(WORK TO BE COMPLETED):
If a picture appears among the records, leave it out and set down everything else exactly as it stands.

(RECORDS):
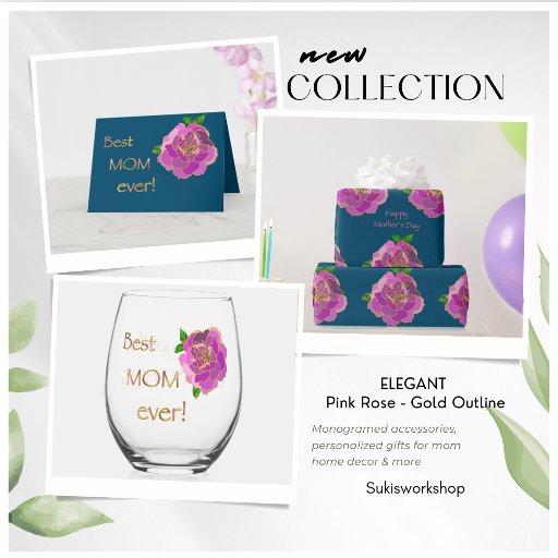 Elegant Pink Rose - Gold OutlineDesignt von Suki's World
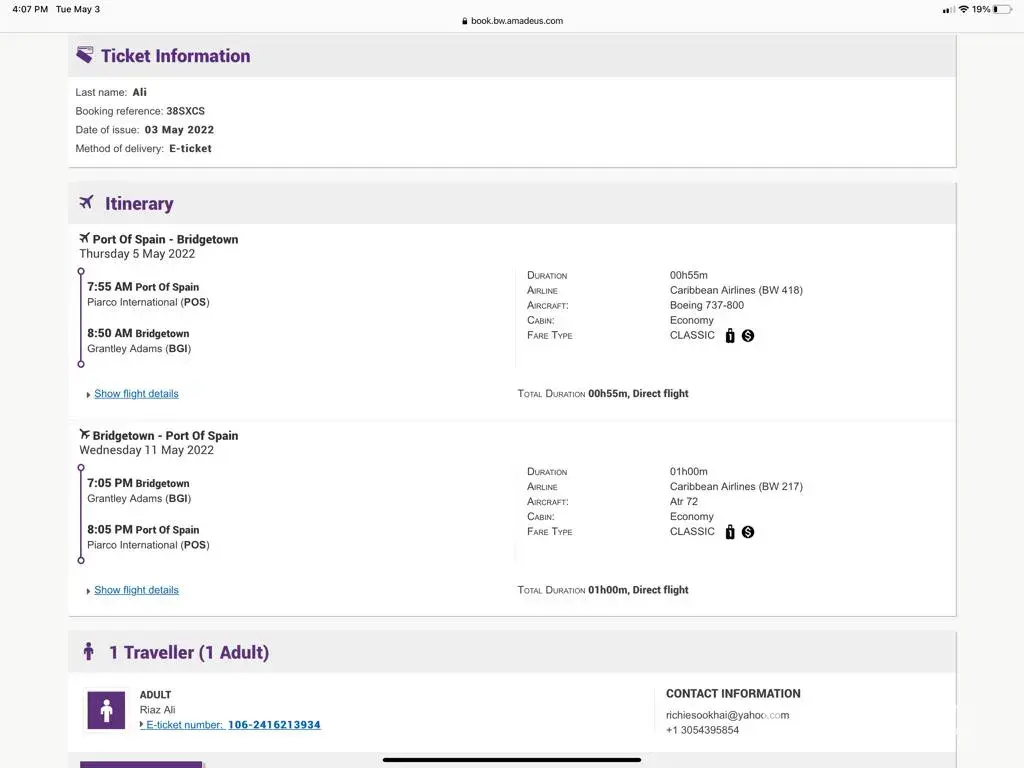 Antigua Barbados 12 May 22 BW0419 19:00 20:00 Caribbean Airlines R32RPM
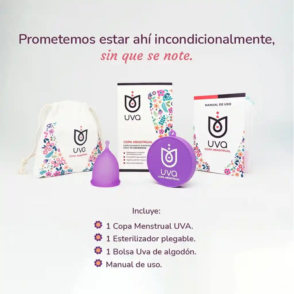 Kit completo: Trae la copa menstrual. esterilizador. funda para guardarla y 1 lubricante elixir. La copa menstrual es un recipiente que se usa para retener la menstruación. A diferencia de los tampones y las toallas higiénicas. esta no absorbe. si no que retiene el líquido. permite que sea lavada y reutilizada hasta por un período de 10 años.
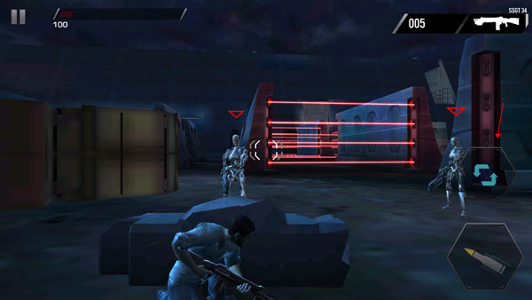 屏幕左侧控制械瞄准,只要对准敌人之后,就可以开始射击。右侧可以开火、切换武器,射击时对准敌人开火即可。松开主角人物,就会自动的躲入掩体里。在敌人射击的空闲时间,我们一定要快速的离开掩体射击,这样才可以快速的击杀敌人。
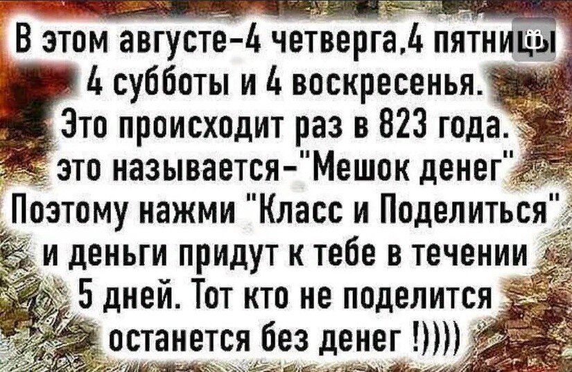 Всем мира, добра и финансового благополучия! Поделись с друзьями и близкими, об этом должен знать каждый! #я знаю #волшебный август
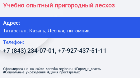 Учебно-опытный пригородный лесхоз по адресу Татарстан, Казань, Лесная, питомник в дальнейшем Организация, размещена в следующих категориях:
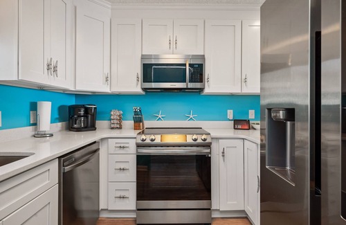 As you walk into the condo, the kitchen area is on the left and finished with stainless steel appliances and bright, white cabinets with cleat pulls.
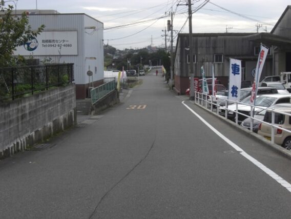 450m程進むと再び右からの34号線に合流します。合流後、国道を白石東・みやき町白石の信号交差点を越えて、すぐ左のビーエス物流センターを見て進むと、道は分岐しますので左の旧道に入ります

(ANSWER FOR THIS EXERCISE):
 Elegant Pink Rose - Gold OutlineDesignt von Suki's World
 Antigua Barbados 12 May 22 BW0419 19:00 20:00 Caribbean Airlines R32RPM
 Kit completo: Trae la copa menstrual. esterilizador. funda para guardarla y 1 lubricante elixir. La copa menstrual es un recipiente que se usa para retener la menstruación. A diferencia de los tampones y las toallas higiénicas. esta no absorbe. si no que retiene el líquido. permite que sea lavada y reutilizada hasta por un período de 10 años.
 屏幕左侧控制械瞄准,只要对准敌人之后,就可以开始射击。右侧可以开火、切换武器,射击时对准敌人开火即可。松开主角人物,就会自动的躲入掩体里。在敌人射击的空闲时间,我们一定要快速的离开掩体射击,这样才可以快速的击杀敌人。
 Всем мира, добра и финансового благополучия! Поделись с друзьями и близкими, об этом должен знать каждый! #я знаю #волшебный август
 Учебно-опытный пригородный лесхоз по адресу Татарстан, Казань, Лесная, питомник в дальнейшем Организация, размещена в следующих категориях:
 As you walk into the condo, the kitchen area is on the left and finished with stainless steel appliances and bright, white cabinets with cleat pulls.
 450m程進むと再び右からの34号線に合流します。合流後、国道を白石東・みやき町白石の信号交差点を越えて、すぐ左のビーエス物流センターを見て進むと、道は分岐しますので左の旧道に入ります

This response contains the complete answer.